= Henry Melvill Gwatkin =

English theologian and church historian

Henry Melvill Gwatkin (30 July 1844 - 14 November 1916) was an English theologian and church historian.

Gwatkin was born at Barrow-on-Soar, Leicestershire, the youngest son of the Rev. Richard Gwatkin, and educated at Shrewsbury and St John's College, Cambridge. In 1868, he won the university's Scholefield Prize and Hebrew Prize and began his academic career as a Fellow of St John's.

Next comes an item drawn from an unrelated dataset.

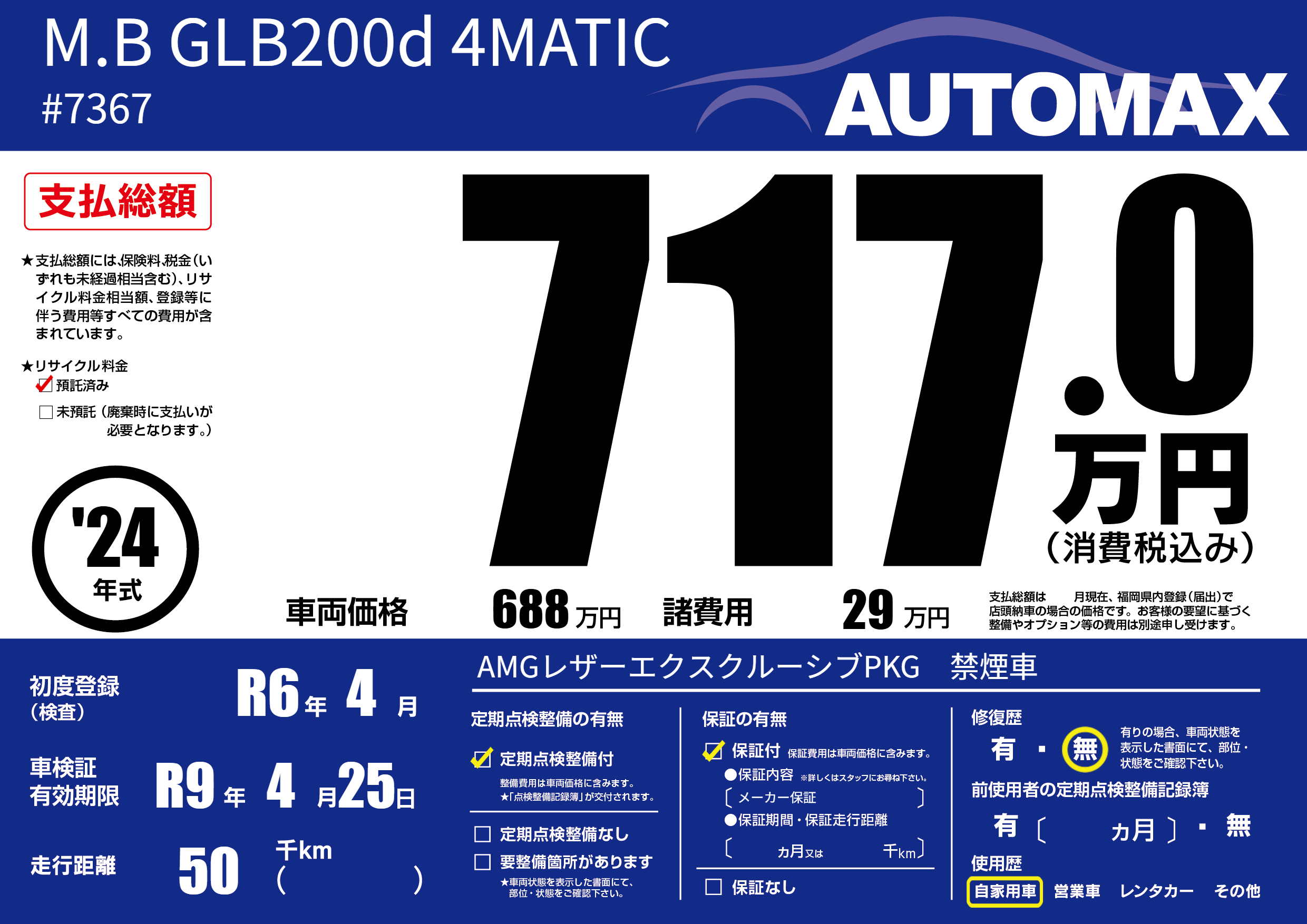 | 走行キロ | 5万km | 初年度登録 | R6年4月 |

In 1891, was appointed as Dixie Professor of Ecclesiastical History in the University of Cambridge, and also transferred as a Fellow to Emmanuel College, serving in those roles until 1912.

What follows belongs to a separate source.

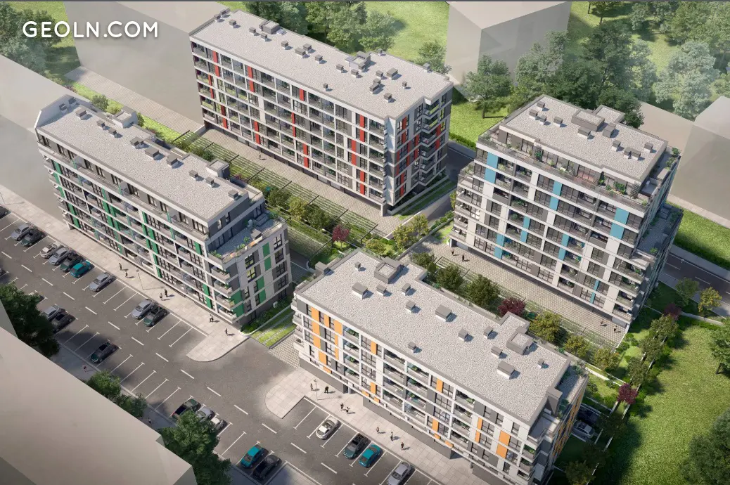 Комплекс буде умовно розділений на дві черги, по дві будівлі в кожній. Ми плануємо розпочати справжню будівельну діяльність у жовтні 2019 року, а запланований період будівництва - 24 місяці. У кожній будівлі є підвали, гаражі, підземні та надземні стоянки.

Gwatkin died in 1916 and is buried in the Parish of the Ascension Burial Ground, Cambridge, with his wife Lucy de Lisle Gwatkin.

==Works==
- Studies of Arianism, Chiefly Referring to the Character and Chronology of the Reaction Which Followed the Council of Nicaea (1882; second edition 1900)
- The Arian Controversy (1889)
- The Meaning of Ecclesiastical History (1891) Inaugural Lecture
- Selections from Early Writers, illustrative of Church history to the time of Constantine (1893; revised 1897)
- The Church Past and Present: a Review of its History (1900) editor
- The Eye for Spiritual Things: and Other Sermons (1906)
- The Knowledge of God and its Historical Development (1906) Gifford Lectures, two volumes: Volume 1 and Volume 2
- Early Church History to A.D. 313 (1909) two volumes: Volume 1 and Volume 2
- The Cambridge Medieval History Volume I: The Christian Roman Empire and the Foundation of the Teutonic Kingdoms (1911) editor with J. P. Whitney
- The Cambridge Medieval History: Volume II: The Rise Of The Saracens And The Foundation Of The Western Empire (1913) editor with J. B. Bury and J. P. Whitney
- Episcopacy I. In Scripture (1914) pamphlet
- The Confirmation Rubric: Whom does it Bind (1914) pamphlet
- Britain's Case Against Germany: A Letter to a Neutral (1917)
- Church and State in England to the Death of Queen Anne (1917)
- The Sacrifice of Thankfulness (1917) Sermons, edited by L. de L. Gwatkin

Gwatkin also wrote a few malacological studies, including:
- Gwatkin H. M., Suter H. & Pilsbry H. A. 1895. Observations on the dentition on Achatinellidae. Proceedings of the Academy of Natural Sciences of Philadelphia, volume 47, 237-240.